VxRail P570F Performance Benchmark

Thanks to our friends at Dell EMC, we had 4 x VxRail P570F’s in the office recently. The P-series are classed under the Performance Range of boxes and its often time what is proposed for demanding workloads (refer to datasheet excerpt below). Again, the performance of any system (regardless of classifications) are highly dependent on the configuration that it is built on.

The units that we had were of the following configs. The config below is per node.

vxrail.jpg

2 x Intel Xeon Gold 6130 2.1GhZ
384 GB DDR4 2666 RAM
2 x 800GB Write Intensive SAS SSD
10 x 3.84TB Read Intensive SAS SSD
1 x HBA330 Controller

It was a fairly standard / generic DEMO system and not remotely a maxed out P-Series configuration. There is still a lot of room to grow in terms of additional cache drives and capacity drives. Think of this as a baseline of roughly what you could get.

The benchmark tests were done using a synthetic load generator, HCIBench. While it is part of the VMware Fling site download, it is in no way tweaked to make vSAN look good (I promise!). I have used IOMeter as well, and results were similar. The underlying load gen of HCIBench is of the popular VDBench and all VMware have done is put a nice looking GUI on top of it and automation to make deploying VDBench faster / easier.

The tests were also done with generic out-of-the-box configurations with ZERO tweaking.
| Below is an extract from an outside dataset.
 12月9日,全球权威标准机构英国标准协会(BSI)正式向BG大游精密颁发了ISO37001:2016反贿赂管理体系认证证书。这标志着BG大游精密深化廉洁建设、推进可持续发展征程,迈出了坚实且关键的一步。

The workload profile tested is a typical 70% Read 30% Write on 8k Blocks, which is common in most Enterprises. I have also used RAID 5 Erasure Coding to introduce additional overheads to simulate worst case scenarios. Would have liked to do RAID 6 but I have insufficient nodes for it. The tests were then done against multiple Outstanding IO (OIO) variables. The definition of OIO’s are IO’s waiting in queue. More OIO’s usually results in higher IOPS and potentially an increase in latency. The sweet spot for OIO’s is often the cross-over point where additional OIO’s generates marginal IOPS improvements and significant latency increase.
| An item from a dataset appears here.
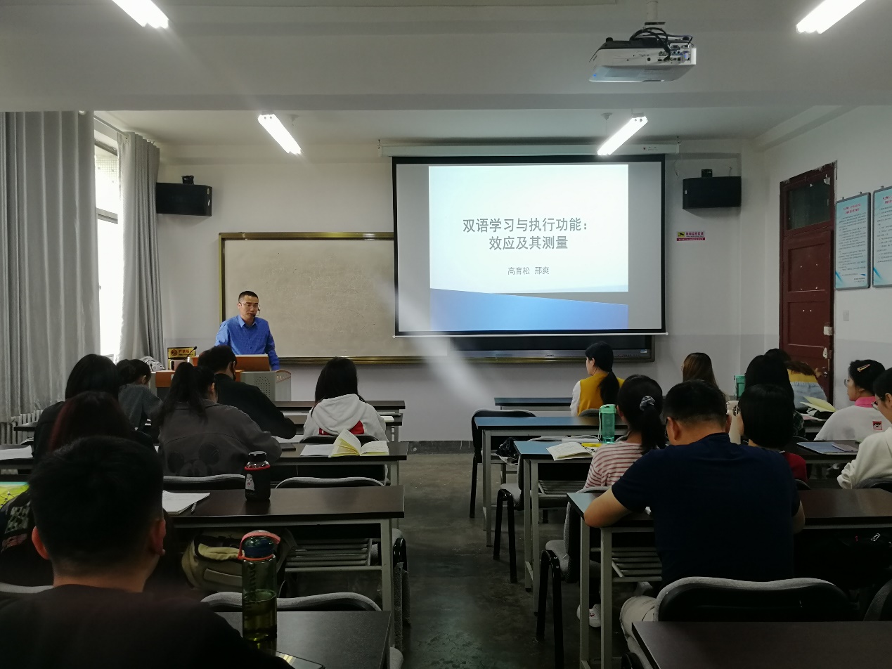 2021年5月18日下午,语言习得学术团队在教学三号楼603教室举行学术活动,由高育松教授与2018级研究生邢爽同学做了题为“双语发展与执行功能:效应及其测量”的学术报告,相关专业研究生及部分教师参加了本次活动。

The results of the benchmark runs

The results of the benchmark runs


The diagram above shows that latency is significantly amplified beyond OIO=48. Like mentioned earlier, this is the sweet spot for this config. Can you run it at higher OIO and workloads? Sure! The increment may be marginal beyond that, but if the IOPS & Latency is still within the thresholds that is comfortable to your applications / users. No issues at all.

Having said that, for a small cluster running such a workload at 160,000 IOPS; 70/30; 8K block; <2ms Read Latency and <5ms Write Latency, this would be more than sufficient for most Enterprise applications (historically, for traditional SAN’s, anything <20ms is a good day).
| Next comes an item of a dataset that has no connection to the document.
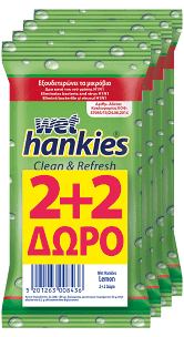 Αντιβακτηριδιακά μαντήλια για τα χέρια Wet Hankies 15τεμ 2+2
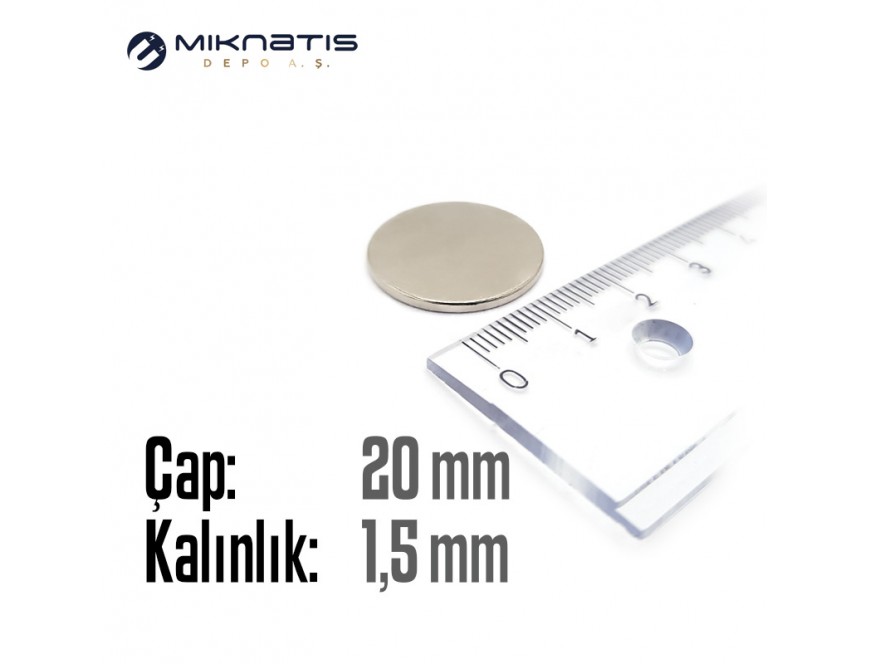 Çap: 20mm x Kalınlık: 1.5mm Neodyum Mıknatıs

Of course, the beauty of vSAN have always been it’s ability to apply specific policies at the granularity of a VM/VMDK. So if there are specific applications that require better performance/lower latency, a RAID 1 policy can be applied, while others remained at RAID 5.

Hopefully, the numbers above gives you a sample of what you can roughly expect from a typical Enterprise workload profile on a system with the above config, and not some HERO number of 100% Reads (which I hope you guys realise its unrealistic).